Tuesday, November 10, 2020

more on Avraham's tefilah for Sdom

1) The Torah introduces Avraham's tefilah on behalf of Sdom (18:3) with the words "VaYigash Avraham..."  Rashi comments:

ויגש אברהם – מצינו הגשה למלחמה – ויגש יואב (שמואל ב י׳:י״ג), הגשה לפיוס – ויגש אליו יהודה (בראשית מ״ד:י״ח), והגשה לתפילה – ויגש אליהו הנביא (מלכים א י״ח:ל״ו). לכל אלה ניגש אברהם: לדבר קשות, {לפיוס}, ולתפילה.

B'pashtus the milchama here is the conflict between Avraham and G-d, which sounds a bit strange -- Avraham raised questions, he begged for mercy -- is that called a milchama?

The Sefas Emes (5638) instead explains that the conflict here is an internal conflict -- Avraham had to battle himself.  Avraham considered himself afar v'eifer, completely unworthy of asking anything of G-d.  We do not find anywhere that Avraham davened -- he did not daven for Lot when Lot was taken in war, he did not daven when Sarah was taken by Pharoah and Avimelech, he did not even daven to spare Yitzchak's life when he was told to do the akeidah.  Yet here, Avraham davens.  To do so, Avraham had to overcome his inner reluctance to make requests of G-d, to fight against his feelings of unworthiness.  He had to allow his sense of rachmanus for the people of Sdom to win out.  "Hinei ho'alti l'dabeir el Hashem v'anochi afar v'eifer" is not an introduction to Avraham's prayer -- it is his prayer.  Avraham was saying to G-d that if he, a mere basar v'dam, can allow mercy to win out over his natural reluctance to prayer, then certainly G-d can allow the midas ha'rachamim to win out over the midas ha'din and spare the people of Sdom.

2) Last week I did a post on the significance of "Avraham shav li'mkomo" after his prayers on behalf of Sdom.  I later saw R' Moshe Avigdor Amiel deals with the same question and he uses a yesod we discussed once before to address the point.

The gemara (Ta’anis 21b) writes that there was once a plague that affected all the towns except for that of Rav.  The townsfolk had a dream in which it was revealed that the miracle of the town being spared was not due to Rav’s merit, but rather due to a certain person who would lend out shovels to help in burial.  The gemara says further that there was a fire that harmed a bunch of towns except for that of R’ Huna.  Again, the townsfolk had a dream in which it was revealed that the town was not spared in Rav Huna’s merit, but rather in the merit of a certain lady who would light the stove in the morning from which her neighbors then lit their own fires.

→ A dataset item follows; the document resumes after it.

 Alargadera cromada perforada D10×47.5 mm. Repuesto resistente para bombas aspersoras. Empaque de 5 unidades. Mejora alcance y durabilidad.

The Maharasha asks: isn’t bichlal masayim manah?  If the merit of small acts of kindness was enough to save these towns, they certainly would have been spared in Rav or Rav Huna’s merit!  Why do Chazal seem to go out of their way not only to credit the little people, but also to stress that it was not Rav or Rav Huna’s merit that caused the miracle?

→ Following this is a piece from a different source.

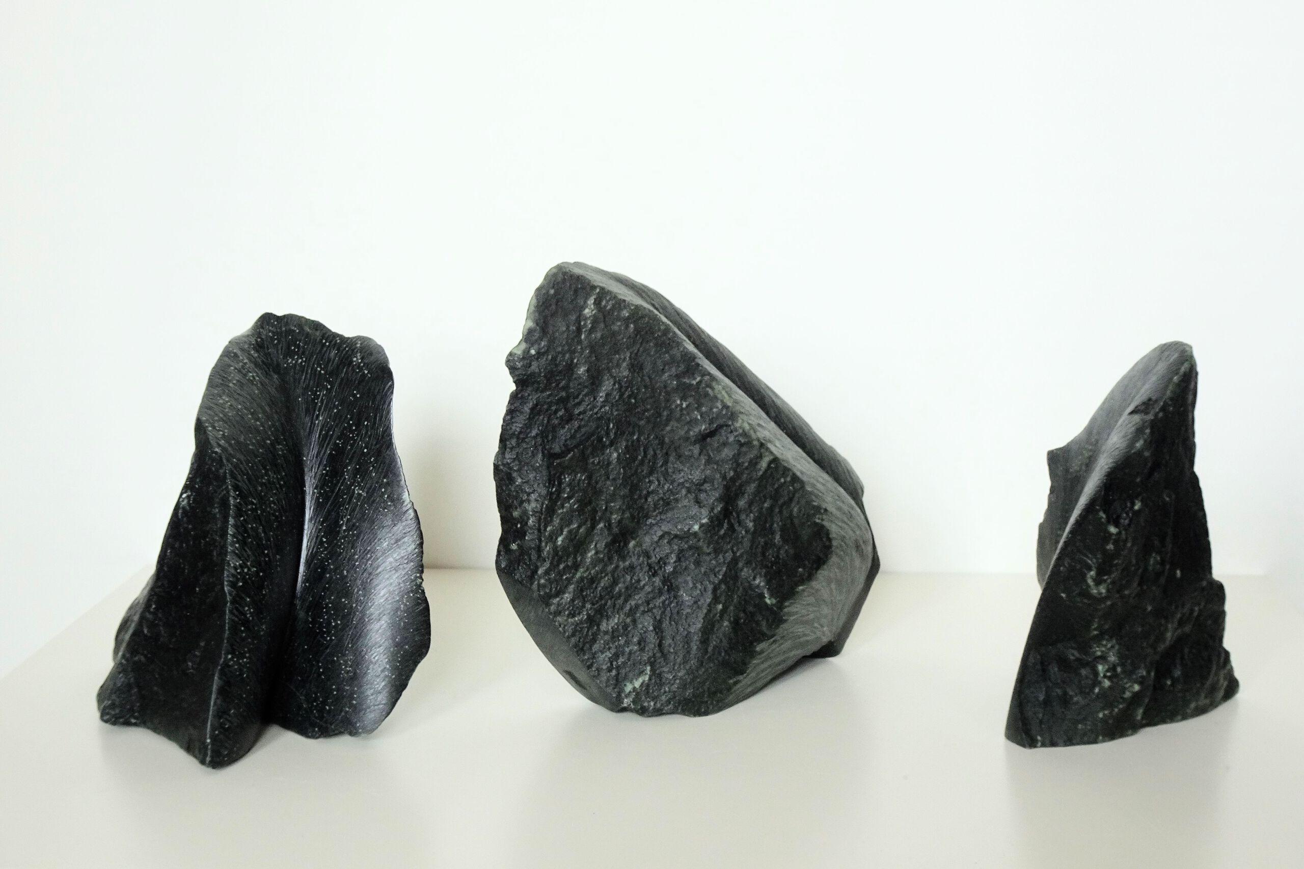 3 bij elkaar horende 'wilde stenen' materiaal: zwartgroene Springstone uit India. De genoemde afmetingen geven de grootste maten van de individuele stenen aan [dus niet het totaal!] Prijzen inclusief event. verzendkosten

To answer that question, R' Amiel turns his attention to a different question that's come up here as well: how does it help for one person to daven on behalf of another?  B'shlama if a person daven for himself, the Rishonim explain that the tefilah does not change G-d's mind; what it does is that it changes the individual.  We talk about tefilah in binyan hitpael -- a person is mispalel -- because it is a reflexive action; the person is both the subject and the object of tefilah.  As a result of davening, a person grows and comes closer to Hashem and therefore is a different person than the was before.  The gezeira decreed against the old self is averted because that individual no longer exists.  But how can one person's davening bring another person closer to Hashem, change that person, when that person may not even be aware that someone is davening on their behalf?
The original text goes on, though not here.